Plant nuclear genomes encode hundreds of predicted organellar RNA binding proteins, few of which have been connected with their physiological RNA substrates and functions. In fact, among the largest family of putative RNA binding proteins in plants, the pentatricopeptide repeat (PPR) family, no physiologically relevant RNA ligands have been firmly established. We used the chloroplast-splicing factor CAF1 to demonstrate the fidelity of a microarray-based method for identifying RNAs associated with specific proteins in chloroplast extract.
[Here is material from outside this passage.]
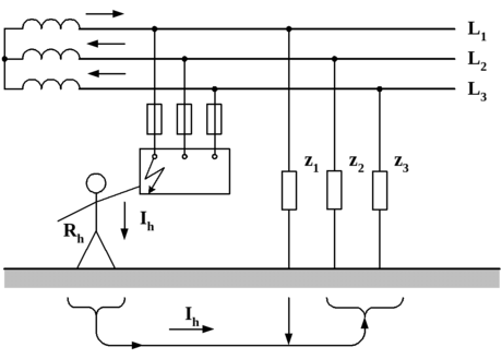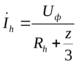 где Uф фазное напряжение сети, В; Rh, сопротивление тела человека, Ом; z комплекс полного сопротивления проводника относительно земли, Ом;
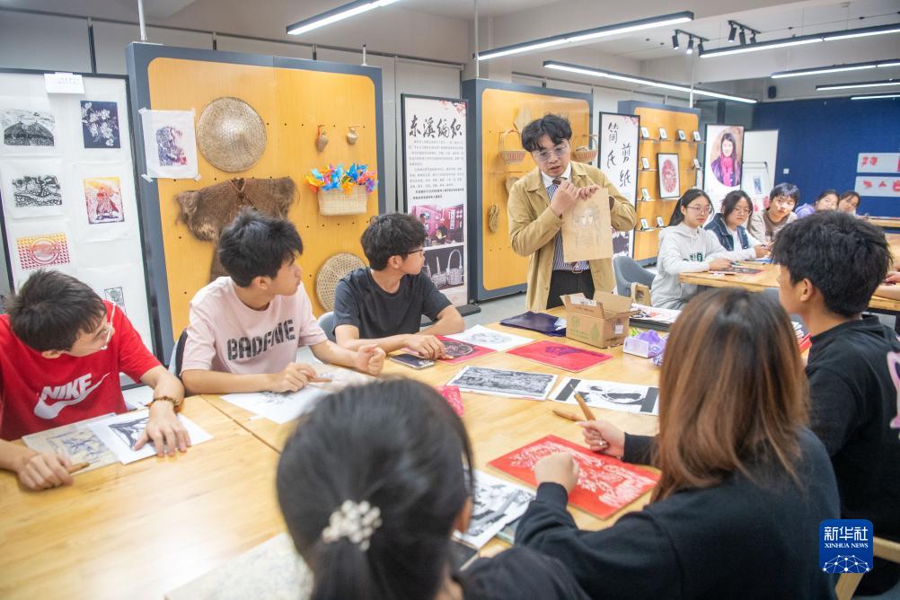 在重慶移通學(xué)院“綦河書(shū)院”的巴渝文化工作室內,老師在教授學(xué)生學(xué)習重慶市級非遺綦江農民版畫(huà)的制作。

We then used the same method to identify RNAs associated with the maize (Zea mays) PPR protein CRP1. Two mRNAs whose translation is CRP1-dependent were strongly and specifically enriched in CRP1 coimmunoprecipitations. These interactions establish CRP1 as a translational regulator by showing that the translation defects in crp1 mutants are a direct consequence of the absence of CRP1. Additional experiments localized these interactions to the 59 untranslated regions and suggested a possible CRP1 interaction motif. These results enhance understanding of the PPR protein family by showing that a PPR protein influences gene expression through association with specific mRNAs in vivo, suggesting an unusual mode of RNA binding for PPR proteins, and highlighting the possibility that translational regulation may be a particularly common function of PPR proteins. Analogous methods should have broad application for the study of native RNA-protein interactions in both mitochondria and chloroplasts.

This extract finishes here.